Severe Acute Respiratory Syndrome Coronavirus 2 (SARS-CoV-2) is a newly identified coronavirus species (the virus was previously provisionally named “2019 novel coronavirus” or “2019-nCoV”). SARS-CoV-2 infection is spread by human-to-human transmission via droplets or direct contact, and infection has been estimated to have a mean incubation period of 6.4 days and a Basic Reproduction Number of 2.24-3.58 (i.e., an epidemic doubling time of 6-8 days) (Fang, Y. et al. (2020) “Transmission Dynamics Of The COVID-19 Outbreak And Effectiveness Of Government Interventions: A Data-Driven Analysis,” J. Med.
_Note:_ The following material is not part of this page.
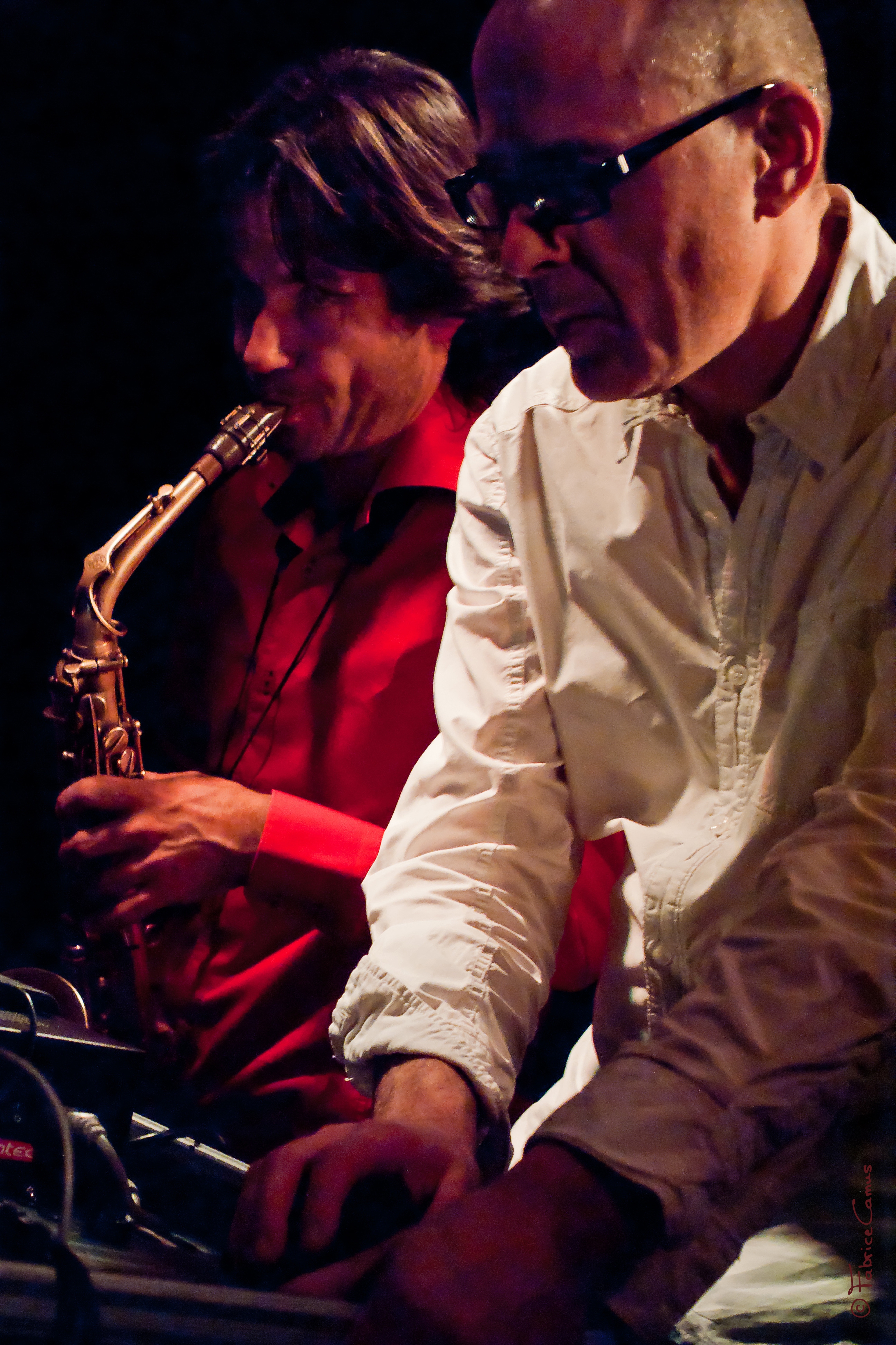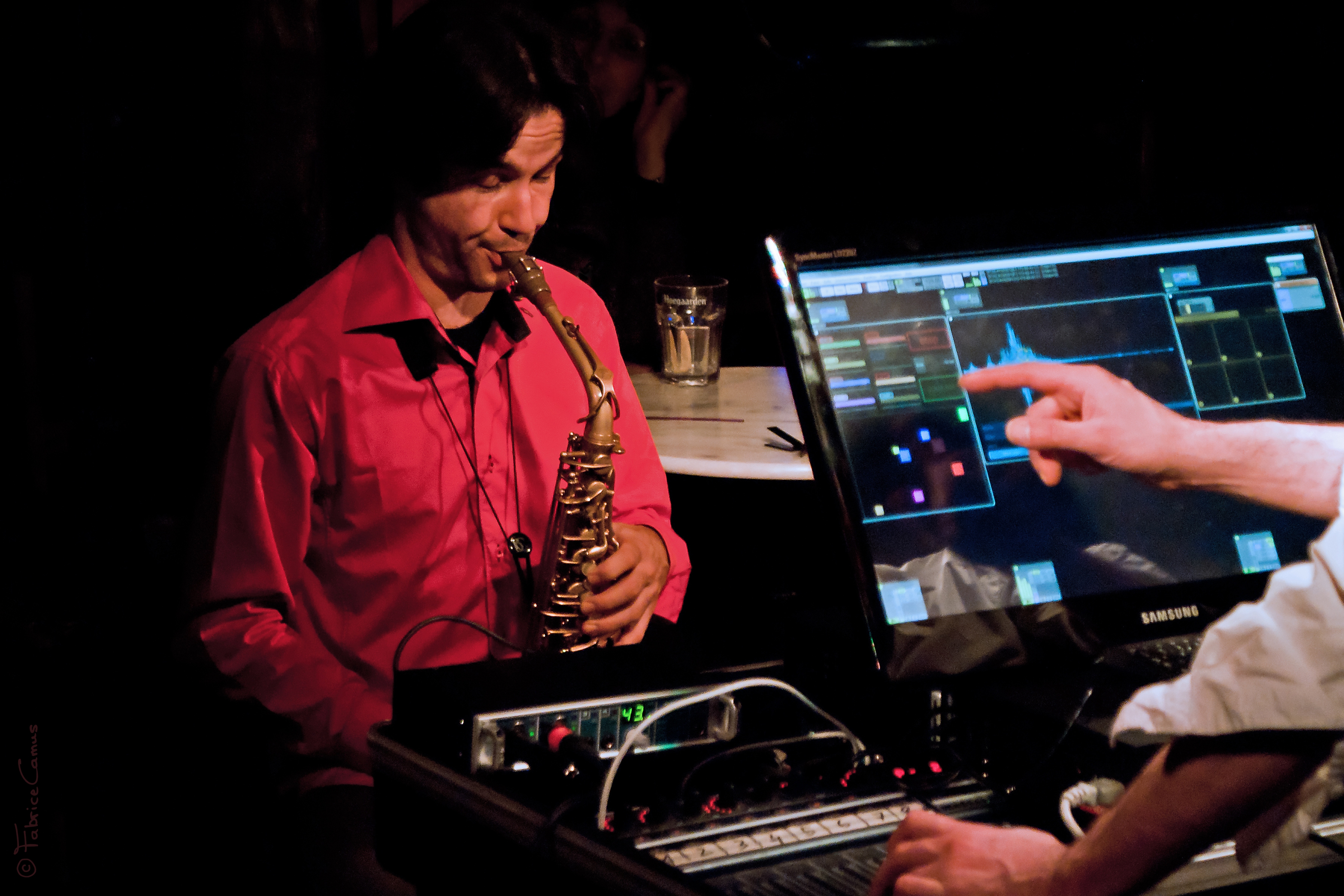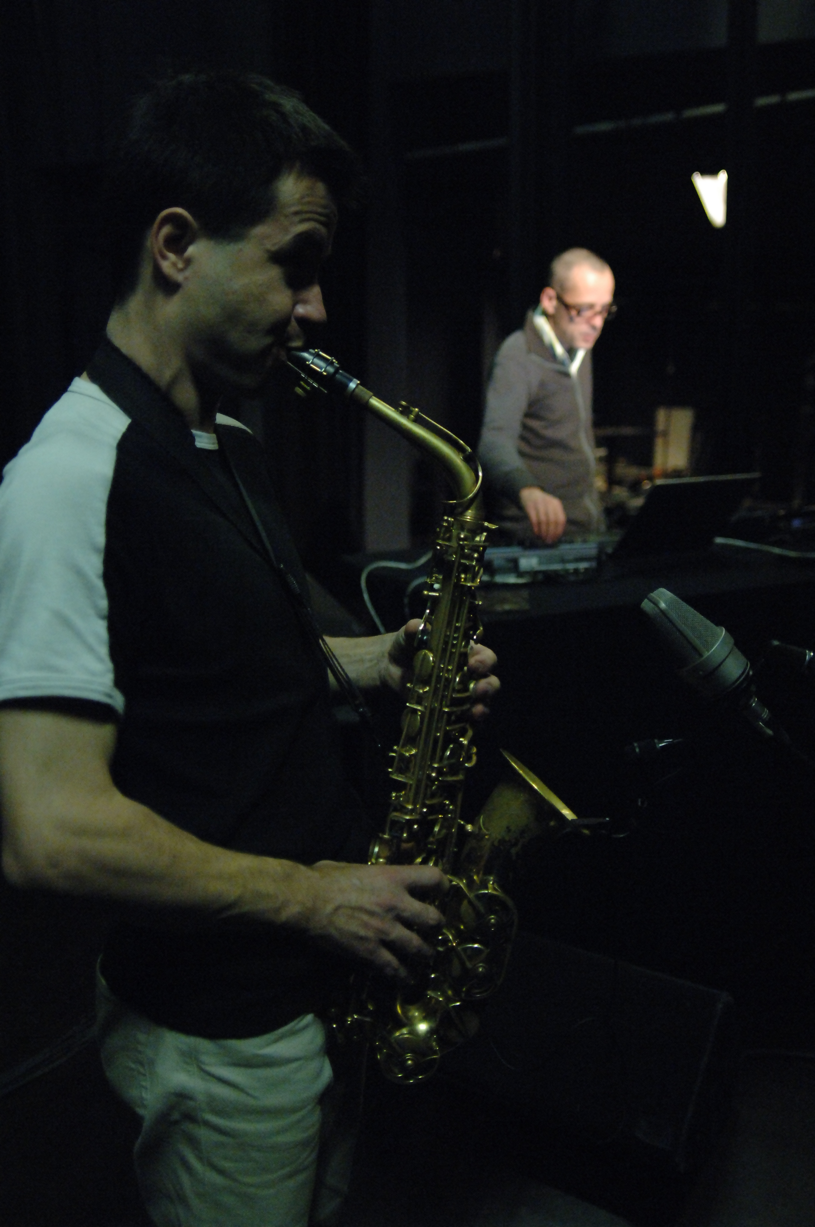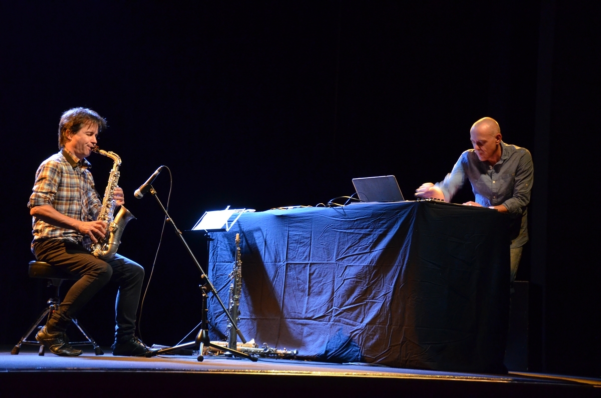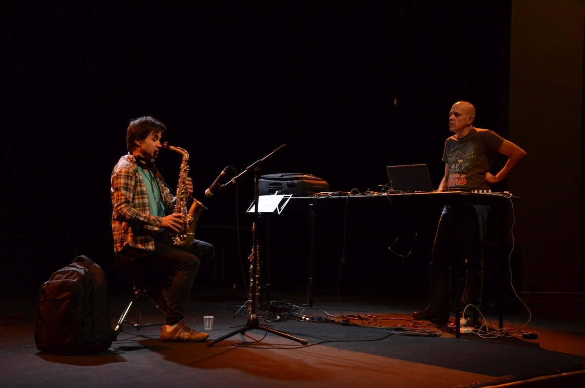 Depuis quelques années, Olivier Sens et Guillaume Orti mettent leurs recherches en commun. L’un développe son propre logiciel informatique, l’autre met en jeu des techniques particulières. Leur répertoire consiste en une série de pièces dont chacune implique un mode d’interaction spécifique entre source acoustique (saxophone) et traitement électronique (ordinateur). Un parcours au cours duquel le `duo se fraie un passage non conventionnel dans les méandres de l’improvisation libre, du synopsis compositionnel et de l’électroambiant. L’ordinateur, doté d’éléments d’écoute, interagit souvent de manière autonome.

Virol. doi: 10.1002/jmv.25750; Zhao, W. M. et al. (2020) “The 2019 Novel Coronavirus Resource,” Yi Chuan. 42(2):212-221; Zhu, N. et al. (2020) “A Novel Coronavirus from Patients with Pneumonia in China, 2019,” New Engl. J. Med. 382(8):727-733).

Patients infected with SARS-CoV-2 exhibit COVID-19, a condition initially characterized by fever and cough (Kong, I. et al. (2020) “Early Epidemiological and Clinical Characteristics of 28 Cases of Coronavirus Disease in South Korea,” Osong Public Health Res Perspect. 11(1):8-14). In approximately 20% of patients, COVID-19 progresses to a severe respiratory disease and pneumonia that has a mortality of 5-10% (1-2% overall mortality).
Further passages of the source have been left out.